4

In SQL Server, I'm looking at TableA, which currently has a uniqueidentifier clustered primary key. The GUID has no meaning in any context.

(I'll give you a second to clean up your keyboard and monitor and set down the soda.)

I'd like to drop that primary key and add a new unique integer primary key to the table. My question is this: when I drop the index, modify the column from uniqueidentifier to int, and add the new clustered unique primary key to the modified column, will the new PK values be in the order of insertion into the table, or will they be in some other order? Is this the right way to go here? Will this work? (I'm kind of a noobkin with regard to table creation/modification.)

stack
  • 143
  • 4

4 Answers4

4

When you drop a clustered index the table becomes a heap. Since heaps have a very different physical structure from indexes, the data will have to be copied into the new structure. Heaps have no order whatsoever. When you add back a new clustered index, the data will be copied from the heap into the new index, and the order will be defined by the new clustered key.

If you want to preserve the existing order then all you have to do is assign the new integer ids properly:

ALTER TABLE Table ADD Integer_Id INT;
GO

WITH cte AS (
  SELECT ROW_NUMBER() OVER (ORDER BY Guid_Id) as RowOrderByGuid,
    Guid_Id
  FROM Table)
UPDATE t
  SET t.Integer_Id = c.RowOrderByGuid
FROM Table t
JOIN cte c ON t.Guid_Id = c.Guid_Id;

Now the order of Integer_Ids will match the order of Guids. You can drop the Guid column and add a clustered index on the new Integer column and the physical order of records was preserved.

Remus Rusanu
  • 8,253
  • 1
  • 19
  • 22
3

By definition, a clustered index imposes a physical ordering on actual data pages; so, yes, if you drop a clustered index and create a new one, this will force a physical reordering of data.

In your case, I think it's safe to assume the following will happen:

  • The existing clustered index will be dropped, but the actual data on disk is not going to move because of this.
  • You will modify the column type (or drop the existing column and create a new one), setting costraints for it to be not null, unique, primary key, identity and autoincrementing (this is vital, or SQL Server won't even let you add it as it wouldn't know what to put into it).
  • At this point, the column will be automatically populated by SQL Server.
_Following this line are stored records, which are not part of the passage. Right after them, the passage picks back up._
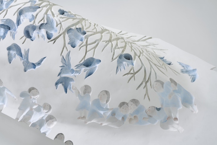 東京・代官山のアートフロントギャラリーで「中谷ミチコ:デコボコの舟 / すくう、すくう、すくう」が開催中だ。2010年代以降、精力的に作品発表を重ねてきた中谷の立体作品は、レリーフの凹凸に着目することが多い。一般的なレリーフは凸部分、つまり出っ張りによって事物を造形するが、中谷作品は逆だ。凹凸を反転させ、凹みによってモチーフを表す。すると、凹んで何もないはずの空間にモチーフが存在することとなり、そこは不在と実在が同居する不思議な空間と化すのだった。新作を含む多様な中谷作品が観られる個展の会場で、本人に話を聞いた。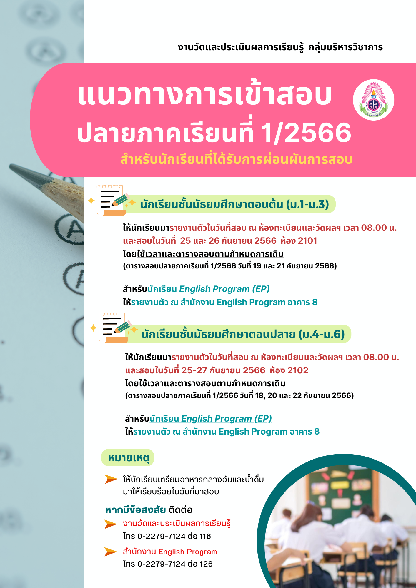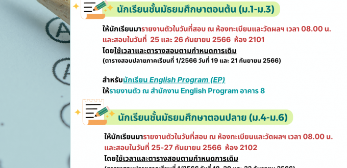 แนวทางการเข้าสอบปลายภาคเรียนที่ 1/2566 สำหรับนักเรียนที่ได้รับการผ่อนผันการสอบ โดย งานวัดและประเมินผลการเรียนรู้ กลุ่มบริหารวิชาการ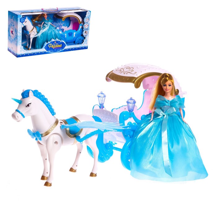 Карета для кукол «Зимнее волшебство» с куклой, лошадка ходит, световые и звуковые эффекты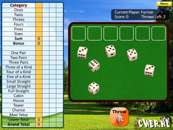 Наслаждайтесь двумя оригинальными версиями, в одной, этой известнейшей игры для всей семьи, старой доброй игре в кости! В игре Вы можете наслаждаться как классической игрой в кости, так и уникальным режимом игры Maxi Yatzy, - это игра с шестью костьми и развернутой системой начисления очков.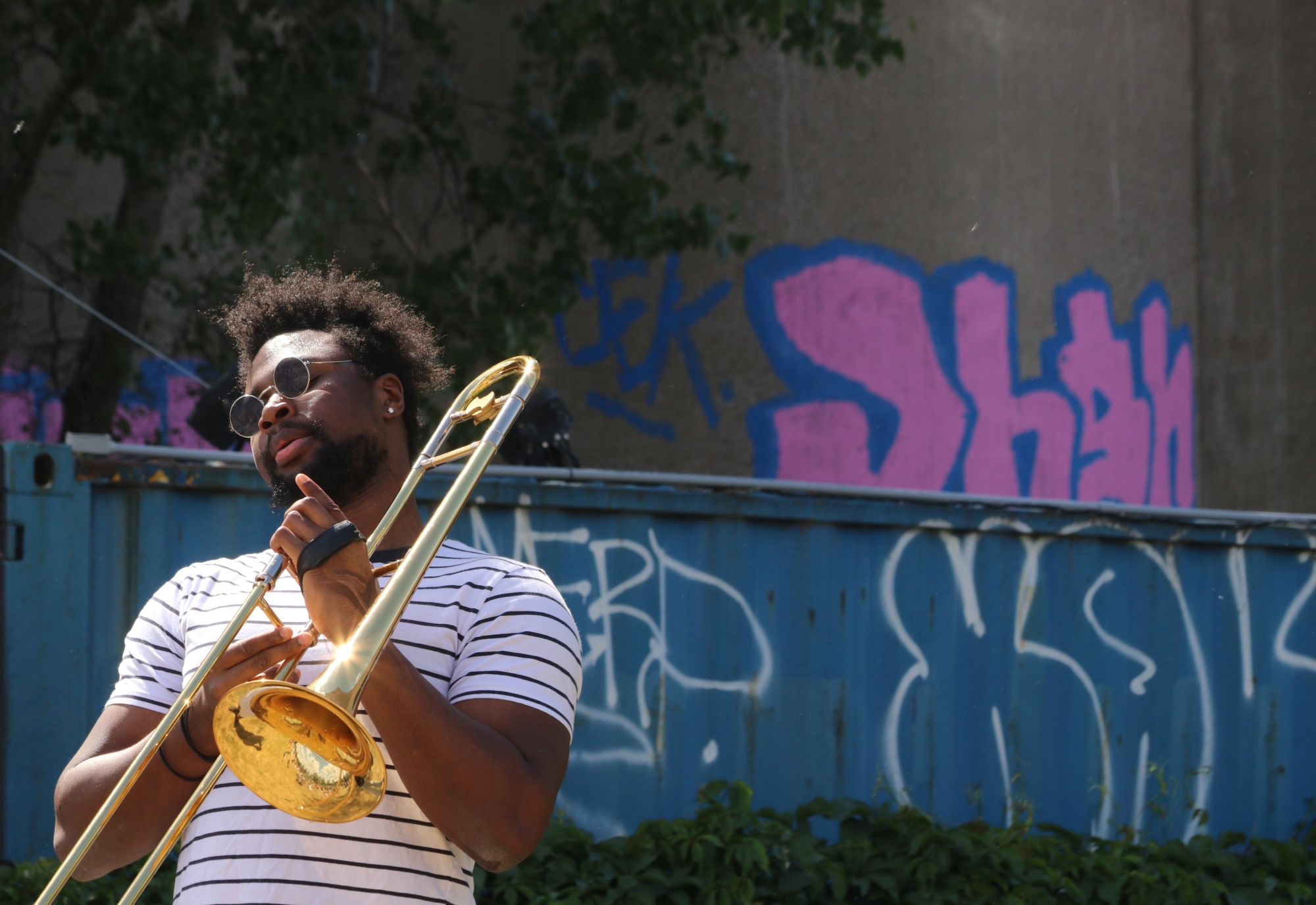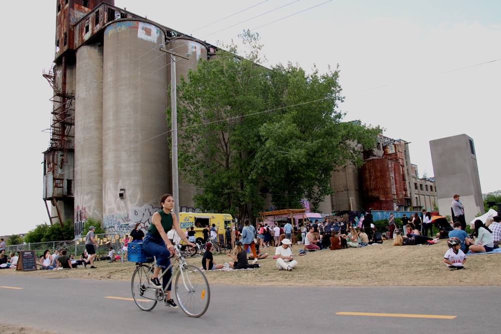 La carcasse de la Canada Malting tatouée de graffitis dresse une toile de fond Street Art à la scène champêtre urbaine. Un groupe de jazz en shorts fait revivre les standards d’Oscar Peterson et d’Oliver Jones, gamins du quartier voisin de la Petite-Bourgogne. Le solo de trombone étire ses notes, tranquille.

I don't know for sure what will happen here, but I think it will be populated in the order rows are phyically stored in the database. But I'm just guessing about this.
  • Problem is, ordering can be quite messy when UIDs are involved; so you don't know how data is actually stored now, and you don't know how it will be stored later; if my guessing about column population is correct, there will not be a huge reordering... but it could happen; and, even if I'm correct, the index building is anyway going to take a while, if the table is large enough.

Bottom line: you will have a huge impact, and you could get rows from an unordered SELECT in the same order you get them now. You will have to try.

Massimo
  • 68,714
  • 56
  • 196
  • 319
2

A clustered index, by definition, determines the physical order of the data, so when you create the new clustered index, the data will be re-ordered; if it's a large table, plan for that to take a while.

SqlACID
  • 2,166
  • 18
  • 18
  • Cool that's good to know. I thought indexes were just how SQL Server read the data and not necessarily having to do with the actual physical location of it. I'm still pretty limited in my knowledge about indexes so this was helpful. – Sean Howat Jun 03 '10 at 17:14
  • 1
    That's true for normal (unclustered) indexes; the clustered one (there can be only one per table) is different exactly for this reason. – Massimo Jun 03 '10 at 17:16
2

If you create a table with a clustered primary key and then drop the clustered PK the physical order of the data in the table will be undisturbed. However, the physical order of query results are not guaranteed to be the same as the order in the table, so this ordering is fairly meaningless.

If you then add an integer column and create a clustered primary key on that, the table will be rearranged into whatever order the key sorts in. This may or may not be the same physical order as the GUID depending on how the key is assigned. You could explicitly assign it based on the sort order of the GUID key (e.g. using row_number() over the old key ordering), or you could assign it some other way. Unless you take steps to ensure that the ordering is explicitly made the same the physical order or the rows in the table is not guaranteed to drive the ordering of your new key.